* [Work to be completed] No pictures go into the copy. Write out exactly the lines below from the one containing "幅広い年代の方に着ていただけ" through the one containing "회원가입 → 2. 관리사무소".

* [Record extracts]

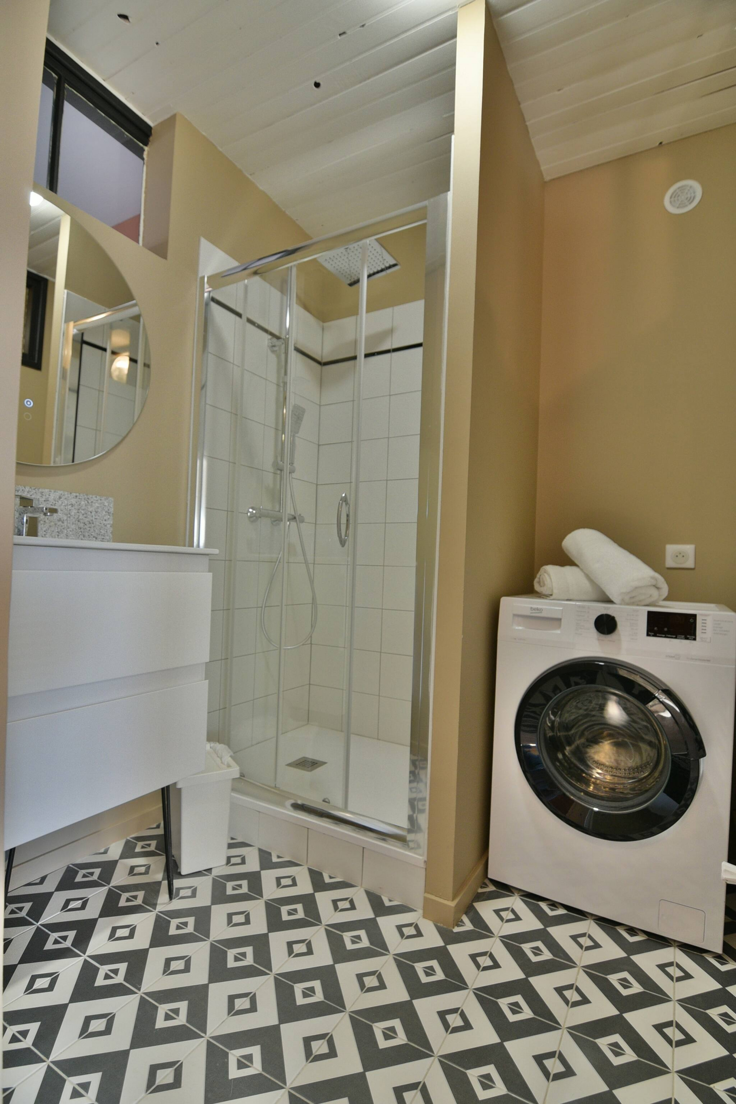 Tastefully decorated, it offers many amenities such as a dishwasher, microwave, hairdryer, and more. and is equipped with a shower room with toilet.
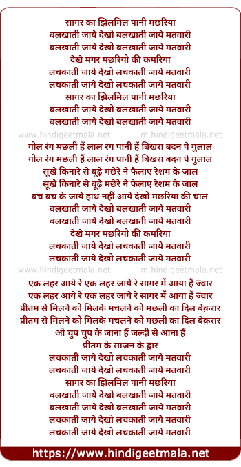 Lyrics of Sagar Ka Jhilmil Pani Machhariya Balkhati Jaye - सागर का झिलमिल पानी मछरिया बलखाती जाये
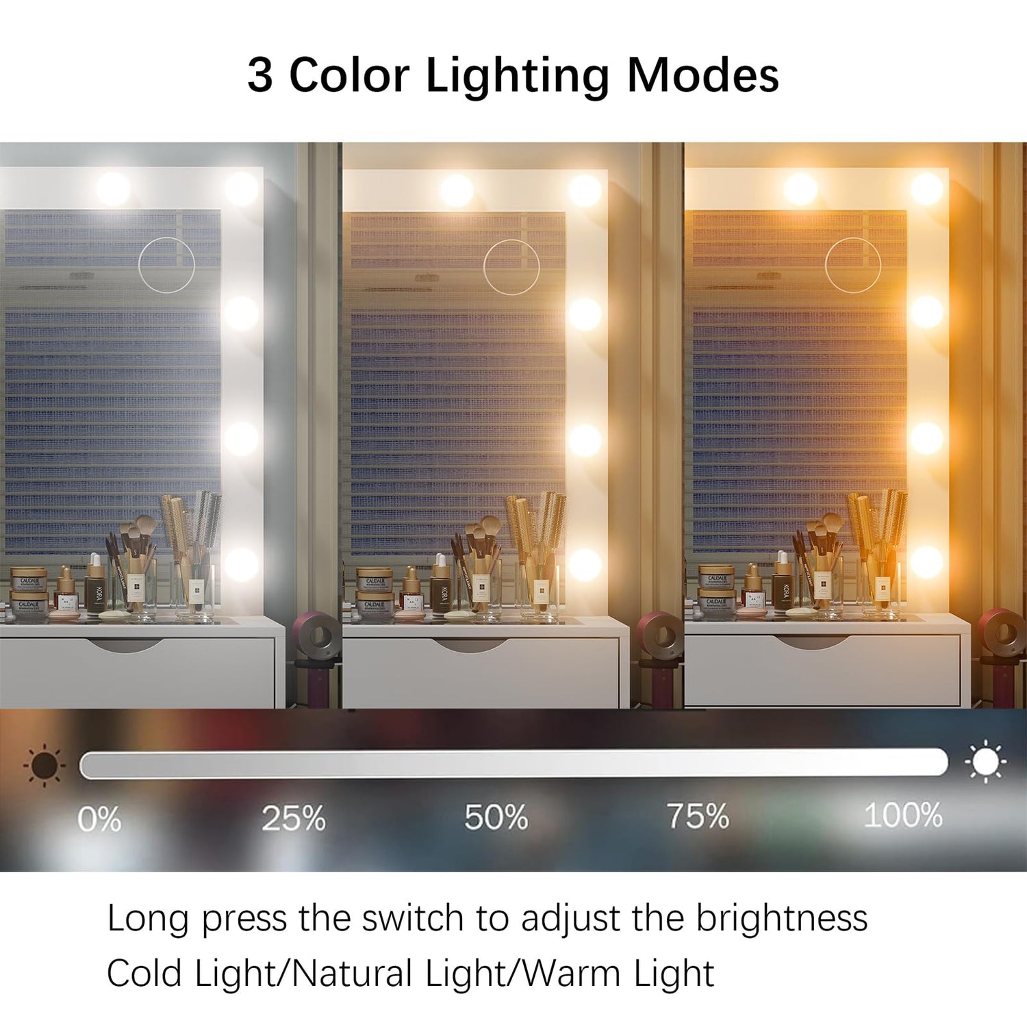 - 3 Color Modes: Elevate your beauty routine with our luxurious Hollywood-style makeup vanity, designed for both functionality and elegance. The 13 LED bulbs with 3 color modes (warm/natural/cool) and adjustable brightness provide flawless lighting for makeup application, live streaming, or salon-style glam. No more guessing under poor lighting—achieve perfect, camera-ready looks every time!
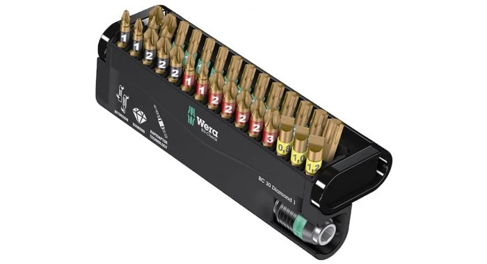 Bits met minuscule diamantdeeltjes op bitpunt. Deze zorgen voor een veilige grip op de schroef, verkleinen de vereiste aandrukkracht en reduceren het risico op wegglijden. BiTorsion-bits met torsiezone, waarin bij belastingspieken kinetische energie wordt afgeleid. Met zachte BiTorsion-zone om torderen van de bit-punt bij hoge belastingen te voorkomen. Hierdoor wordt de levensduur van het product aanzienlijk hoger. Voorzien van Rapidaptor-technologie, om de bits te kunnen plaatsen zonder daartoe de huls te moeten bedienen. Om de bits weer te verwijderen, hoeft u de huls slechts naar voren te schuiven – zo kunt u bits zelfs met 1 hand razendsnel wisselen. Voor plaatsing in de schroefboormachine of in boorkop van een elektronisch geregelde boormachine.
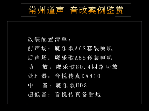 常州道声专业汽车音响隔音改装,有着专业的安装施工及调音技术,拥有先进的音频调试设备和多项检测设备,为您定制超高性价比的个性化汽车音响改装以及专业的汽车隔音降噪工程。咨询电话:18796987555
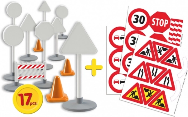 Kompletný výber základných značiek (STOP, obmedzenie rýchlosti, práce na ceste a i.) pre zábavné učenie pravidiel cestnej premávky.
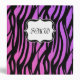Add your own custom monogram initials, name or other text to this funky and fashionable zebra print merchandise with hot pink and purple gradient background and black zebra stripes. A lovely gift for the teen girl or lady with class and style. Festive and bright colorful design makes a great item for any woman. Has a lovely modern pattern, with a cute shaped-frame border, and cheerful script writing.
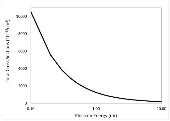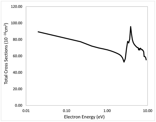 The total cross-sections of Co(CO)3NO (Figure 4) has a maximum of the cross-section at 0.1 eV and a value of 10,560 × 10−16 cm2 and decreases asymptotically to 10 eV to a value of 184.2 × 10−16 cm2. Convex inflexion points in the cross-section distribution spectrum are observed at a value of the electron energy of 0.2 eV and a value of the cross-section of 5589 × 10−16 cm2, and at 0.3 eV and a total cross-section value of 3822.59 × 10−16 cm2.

--

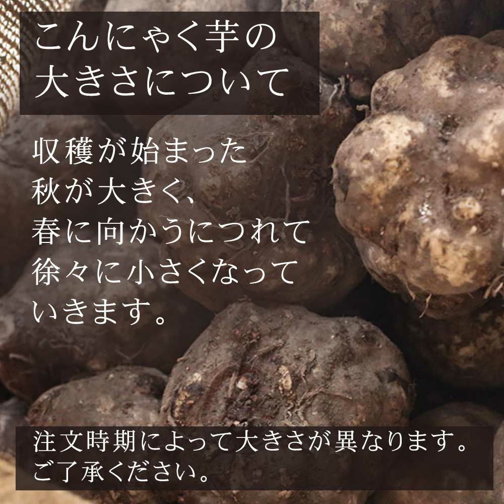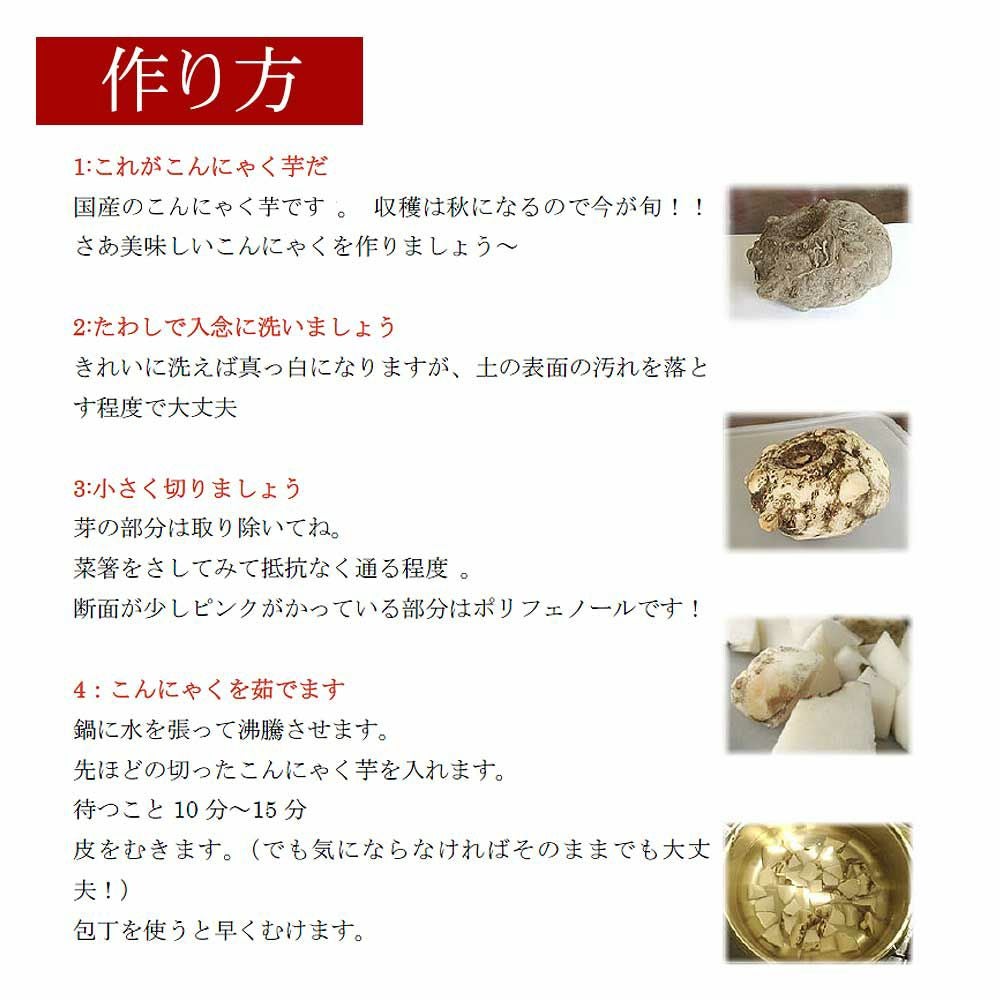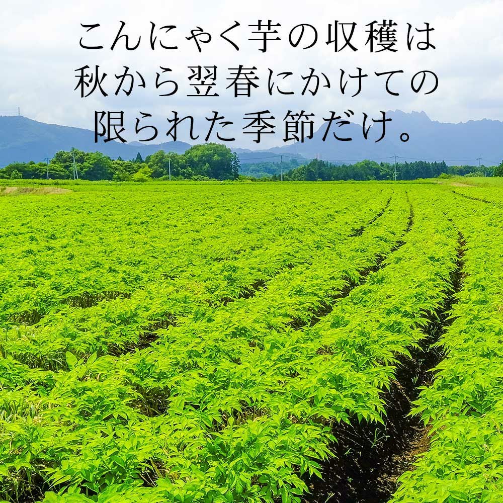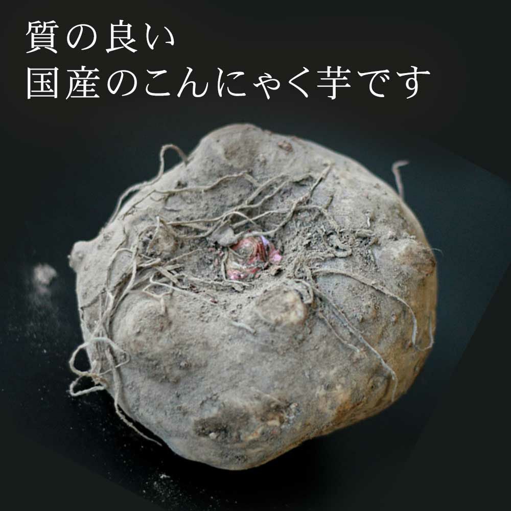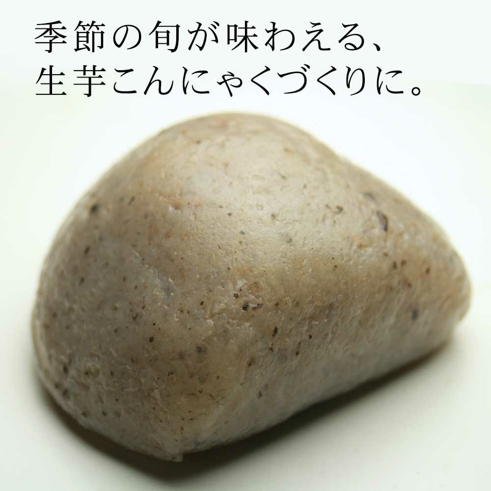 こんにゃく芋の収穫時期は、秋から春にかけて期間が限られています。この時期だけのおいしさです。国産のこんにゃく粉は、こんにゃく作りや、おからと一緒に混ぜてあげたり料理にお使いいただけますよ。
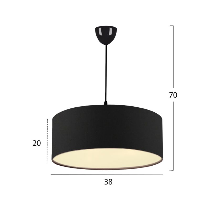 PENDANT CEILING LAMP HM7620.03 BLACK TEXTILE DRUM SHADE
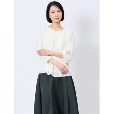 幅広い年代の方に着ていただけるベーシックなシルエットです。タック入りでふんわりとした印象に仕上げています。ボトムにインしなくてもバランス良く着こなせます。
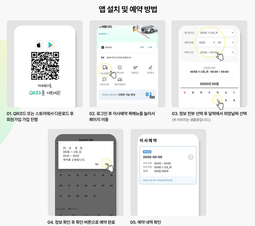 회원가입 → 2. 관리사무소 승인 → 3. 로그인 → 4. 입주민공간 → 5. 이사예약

* [Written answer]
 幅広い年代の方に着ていただけるベーシックなシルエットです。タック入りでふんわりとした印象に仕上げています。ボトムにインしなくてもバランス良く着こなせます。
 회원가입 → 2. 관리사무소 승인 → 3. 로그인 → 4. 입주민공간 → 5. 이사예약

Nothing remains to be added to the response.